Relativizar una decepción


En la vida, ante una decepción es posible tomar dos actitudes. Una que no es nada saludable es la de convertir ese obstáculo en algo absoluto que tiene tal fuerza y poder en tu vida que te limita. Dramatizar una situación no ayuda en nada, por ello, por grave que sea un hecho, es mejor aprender a relativizarlo para poder manejarlo mejor a nivel emocional. Dentro de las decepciones más dolorosas en las relaciones interpersonales está el rechazo de una persona, el abandono de la pareja, la traición de un amigo, una mala relación con un familiar…

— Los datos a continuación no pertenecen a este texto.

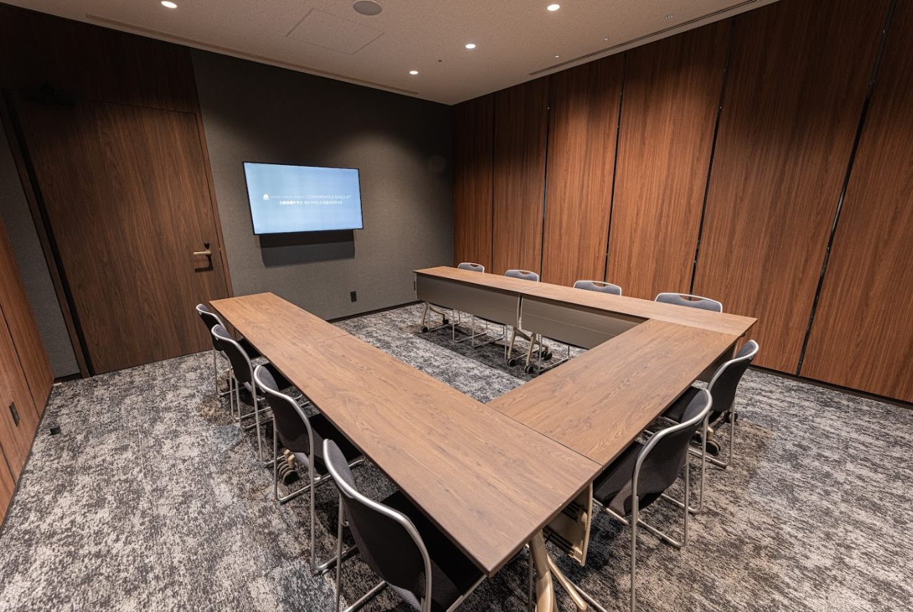 ロの字形式で最大12名収容可能。 隣接する「304-菫」と同タイプの使いやすい小部屋です。 遮音性も高く、小規模な会議や商談、採用面接などにも最適です。 壁掛けの55インチモニターは無料でご利用いただけます。 3階同フロアの会議室と併せてご活用ください。

Este tipo de situaciones vividas de una forma inadecuada pueden llegar a paralizarte y te hacen sentir miedo ante todo. La vida es mucho más que una decepción puntual, por ello, pon el foco de atención en todos los aspectos positivos de tu vida. No se trata de ignorar algo que también es real aunque sea doloroso, sino de tener una perspectiva más global para poder avanzar.

¿Cómo relativizar una situación? Poniendo sentido del humor, existen personas que son capaces de reírse hasta de sus propias tragedias. Seguramente, hace falta que pase algo de tiempo para poner sentido del humor pero desde la distancia siempre se puede reír. Por otra parte, merece la pena aprender a vivir el momento presente, tener ilusión y ser feliz. Pero es imposible hacerlo cuando alguien ha quedado estancado en el pasado hasta el punto de cerrar la puerta a cualquier nueva oportunidad porque solo recuerda un dolor de sigue vivo en la mente.

Lo que fue ya pasó, pero cuando haces de un dolor algo absoluto, estás limitando tu futuro en base a una expectativa previa. Lo mejor es aprender a olvidar y a perdonar porque en la vida, lo mejor siempre está por llegar.